[Saved data entries]
☆ ☆ ☆ ☆ ☆ ☆ ☆

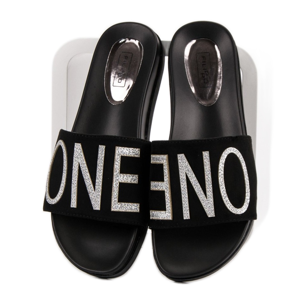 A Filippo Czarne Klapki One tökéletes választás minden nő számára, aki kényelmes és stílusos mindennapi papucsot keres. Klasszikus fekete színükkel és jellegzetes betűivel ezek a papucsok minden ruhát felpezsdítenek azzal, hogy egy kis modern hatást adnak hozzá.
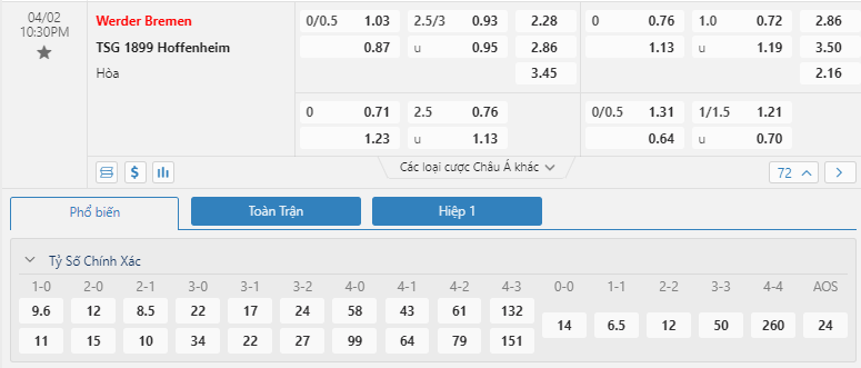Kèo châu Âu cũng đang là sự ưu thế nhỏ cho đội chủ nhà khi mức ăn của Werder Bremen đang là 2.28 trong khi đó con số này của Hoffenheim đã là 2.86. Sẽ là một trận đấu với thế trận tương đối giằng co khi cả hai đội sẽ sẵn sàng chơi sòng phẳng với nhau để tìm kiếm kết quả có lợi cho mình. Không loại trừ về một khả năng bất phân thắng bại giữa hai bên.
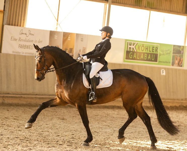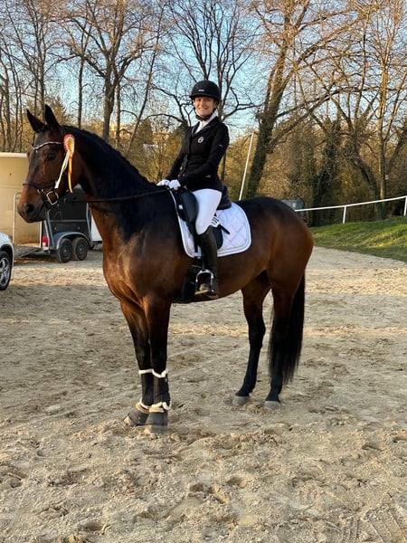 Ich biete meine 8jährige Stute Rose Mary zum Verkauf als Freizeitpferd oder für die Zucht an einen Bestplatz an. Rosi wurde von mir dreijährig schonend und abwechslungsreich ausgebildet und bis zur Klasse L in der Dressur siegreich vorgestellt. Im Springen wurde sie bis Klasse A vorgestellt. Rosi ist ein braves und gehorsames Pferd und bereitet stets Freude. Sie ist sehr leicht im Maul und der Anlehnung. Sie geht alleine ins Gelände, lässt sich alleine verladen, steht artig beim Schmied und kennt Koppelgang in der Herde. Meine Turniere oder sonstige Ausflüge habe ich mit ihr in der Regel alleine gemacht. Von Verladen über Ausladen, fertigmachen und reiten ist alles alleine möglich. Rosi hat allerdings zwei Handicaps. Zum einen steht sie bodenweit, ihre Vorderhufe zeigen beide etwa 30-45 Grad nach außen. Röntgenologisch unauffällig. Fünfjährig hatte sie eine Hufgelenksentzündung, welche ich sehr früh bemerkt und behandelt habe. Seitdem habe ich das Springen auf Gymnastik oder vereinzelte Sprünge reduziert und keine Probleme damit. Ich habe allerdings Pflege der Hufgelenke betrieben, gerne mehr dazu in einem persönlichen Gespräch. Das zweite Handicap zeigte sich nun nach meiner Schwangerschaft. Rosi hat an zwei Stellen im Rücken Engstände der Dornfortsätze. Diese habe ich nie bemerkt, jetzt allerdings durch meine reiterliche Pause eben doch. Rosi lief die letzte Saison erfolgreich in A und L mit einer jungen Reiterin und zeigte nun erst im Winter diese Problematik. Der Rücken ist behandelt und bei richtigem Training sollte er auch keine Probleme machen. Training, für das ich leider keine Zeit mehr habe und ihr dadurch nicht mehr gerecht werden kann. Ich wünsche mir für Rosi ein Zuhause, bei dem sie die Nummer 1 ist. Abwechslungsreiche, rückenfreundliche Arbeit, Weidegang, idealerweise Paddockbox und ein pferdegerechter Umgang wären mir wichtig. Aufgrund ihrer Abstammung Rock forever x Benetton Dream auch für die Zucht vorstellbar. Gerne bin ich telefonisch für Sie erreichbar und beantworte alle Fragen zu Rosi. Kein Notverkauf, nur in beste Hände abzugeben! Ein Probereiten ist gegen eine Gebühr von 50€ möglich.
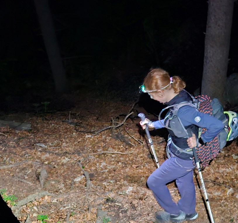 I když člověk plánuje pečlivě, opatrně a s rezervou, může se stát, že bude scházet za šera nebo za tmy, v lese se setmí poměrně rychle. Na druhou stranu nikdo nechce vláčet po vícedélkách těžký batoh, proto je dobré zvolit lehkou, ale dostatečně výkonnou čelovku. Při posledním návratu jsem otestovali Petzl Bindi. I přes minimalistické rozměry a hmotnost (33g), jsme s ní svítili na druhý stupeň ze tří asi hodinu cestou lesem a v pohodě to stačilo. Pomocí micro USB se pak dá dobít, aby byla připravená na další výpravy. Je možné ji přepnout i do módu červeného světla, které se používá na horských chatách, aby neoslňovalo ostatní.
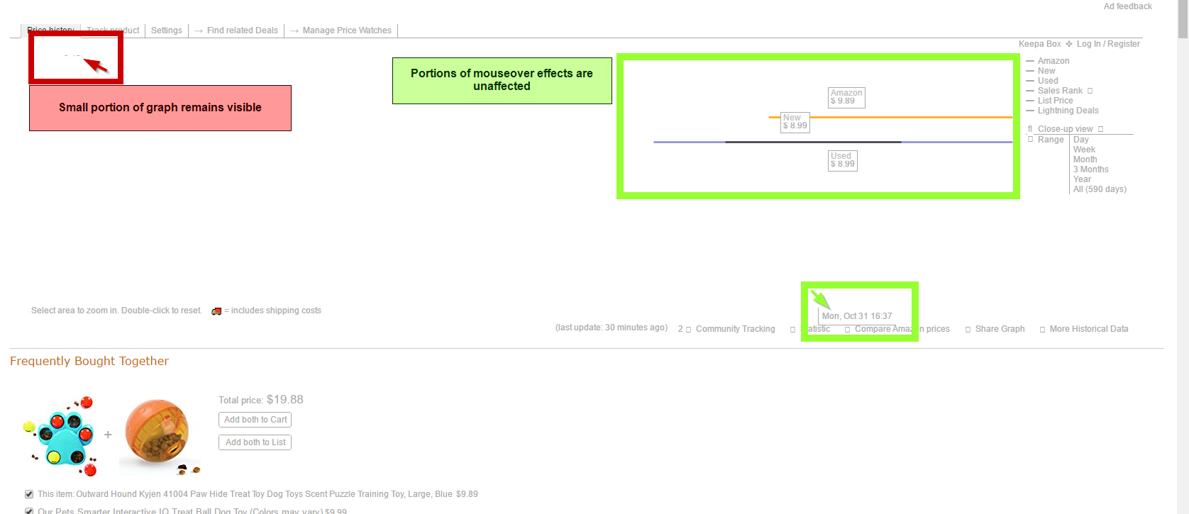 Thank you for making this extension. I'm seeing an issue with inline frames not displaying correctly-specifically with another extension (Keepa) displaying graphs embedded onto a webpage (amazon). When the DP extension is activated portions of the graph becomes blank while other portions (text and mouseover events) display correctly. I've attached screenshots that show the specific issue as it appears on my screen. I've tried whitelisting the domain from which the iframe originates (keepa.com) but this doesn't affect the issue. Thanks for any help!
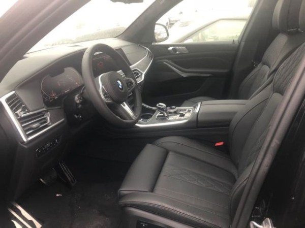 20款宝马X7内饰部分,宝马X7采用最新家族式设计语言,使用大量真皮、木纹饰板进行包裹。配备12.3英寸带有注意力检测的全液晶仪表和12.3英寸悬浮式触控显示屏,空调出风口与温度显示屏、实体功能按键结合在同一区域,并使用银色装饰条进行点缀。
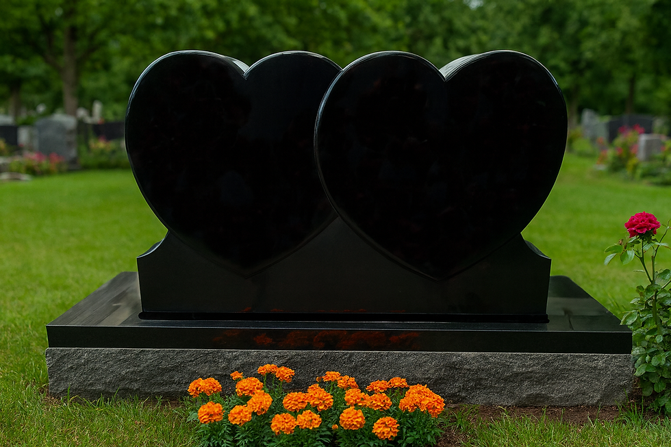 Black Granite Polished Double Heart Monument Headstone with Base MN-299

☆ ☆ ☆ ☆ ☆ ☆ ☆

Try it
Could you write out the records again exactly, omitting each image?

Task output
 A Filippo Czarne Klapki One tökéletes választás minden nő számára, aki kényelmes és stílusos mindennapi papucsot keres. Klasszikus fekete színükkel és jellegzetes betűivel ezek a papucsok minden ruhát felpezsdítenek azzal, hogy egy kis modern hatást adnak hozzá.
Kèo châu Âu cũng đang là sự ưu thế nhỏ cho đội chủ nhà khi mức ăn của Werder Bremen đang là 2.28 trong khi đó con số này của Hoffenheim đã là 2.86. Sẽ là một trận đấu với thế trận tương đối giằng co khi cả hai đội sẽ sẵn sàng chơi sòng phẳng với nhau để tìm kiếm kết quả có lợi cho mình. Không loại trừ về một khả năng bất phân thắng bại giữa hai bên.
 Ich biete meine 8jährige Stute Rose Mary zum Verkauf als Freizeitpferd oder für die Zucht an einen Bestplatz an. Rosi wurde von mir dreijährig schonend und abwechslungsreich ausgebildet und bis zur Klasse L in der Dressur siegreich vorgestellt. Im Springen wurde sie bis Klasse A vorgestellt. Rosi ist ein braves und gehorsames Pferd und bereitet stets Freude. Sie ist sehr leicht im Maul und der Anlehnung. Sie geht alleine ins Gelände, lässt sich alleine verladen, steht artig beim Schmied und kennt Koppelgang in der Herde. Meine Turniere oder sonstige Ausflüge habe ich mit ihr in der Regel alleine gemacht. Von Verladen über Ausladen, fertigmachen und reiten ist alles alleine möglich. Rosi hat allerdings zwei Handicaps. Zum einen steht sie bodenweit, ihre Vorderhufe zeigen beide etwa 30-45 Grad nach außen. Röntgenologisch unauffällig. Fünfjährig hatte sie eine Hufgelenksentzündung, welche ich sehr früh bemerkt und behandelt habe. Seitdem habe ich das Springen auf Gymnastik oder vereinzelte Sprünge reduziert und keine Probleme damit. Ich habe allerdings Pflege der Hufgelenke betrieben, gerne mehr dazu in einem persönlichen Gespräch. Das zweite Handicap zeigte sich nun nach meiner Schwangerschaft. Rosi hat an zwei Stellen im Rücken Engstände der Dornfortsätze. Diese habe ich nie bemerkt, jetzt allerdings durch meine reiterliche Pause eben doch. Rosi lief die letzte Saison erfolgreich in A und L mit einer jungen Reiterin und zeigte nun erst im Winter diese Problematik. Der Rücken ist behandelt und bei richtigem Training sollte er auch keine Probleme machen. Training, für das ich leider keine Zeit mehr habe und ihr dadurch nicht mehr gerecht werden kann. Ich wünsche mir für Rosi ein Zuhause, bei dem sie die Nummer 1 ist. Abwechslungsreiche, rückenfreundliche Arbeit, Weidegang, idealerweise Paddockbox und ein pferdegerechter Umgang wären mir wichtig. Aufgrund ihrer Abstammung Rock forever x Benetton Dream auch für die Zucht vorstellbar. Gerne bin ich telefonisch für Sie erreichbar und beantworte alle Fragen zu Rosi. Kein Notverkauf, nur in beste Hände abzugeben! Ein Probereiten ist gegen eine Gebühr von 50€ möglich.
 I když člověk plánuje pečlivě, opatrně a s rezervou, může se stát, že bude scházet za šera nebo za tmy, v lese se setmí poměrně rychle. Na druhou stranu nikdo nechce vláčet po vícedélkách těžký batoh, proto je dobré zvolit lehkou, ale dostatečně výkonnou čelovku. Při posledním návratu jsem otestovali Petzl Bindi. I přes minimalistické rozměry a hmotnost (33g), jsme s ní svítili na druhý stupeň ze tří asi hodinu cestou lesem a v pohodě to stačilo. Pomocí micro USB se pak dá dobít, aby byla připravená na další výpravy. Je možné ji přepnout i do módu červeného světla, které se používá na horských chatách, aby neoslňovalo ostatní.
 Thank you for making this extension. I'm seeing an issue with inline frames not displaying correctly-specifically with another extension (Keepa) displaying graphs embedded onto a webpage (amazon). When the DP extension is activated portions of the graph becomes blank while other portions (text and mouseover events) display correctly. I've attached screenshots that show the specific issue as it appears on my screen. I've tried whitelisting the domain from which the iframe originates (keepa.com) but this doesn't affect the issue. Thanks for any help!
 20款宝马X7内饰部分,宝马X7采用最新家族式设计语言,使用大量真皮、木纹饰板进行包裹。配备12.3英寸带有注意力检测的全液晶仪表和12.3英寸悬浮式触控显示屏,空调出风口与温度显示屏、实体功能按键结合在同一区域,并使用银色装饰条进行点缀。
 Black Granite Polished Double Heart Monument Headstone with Base MN-299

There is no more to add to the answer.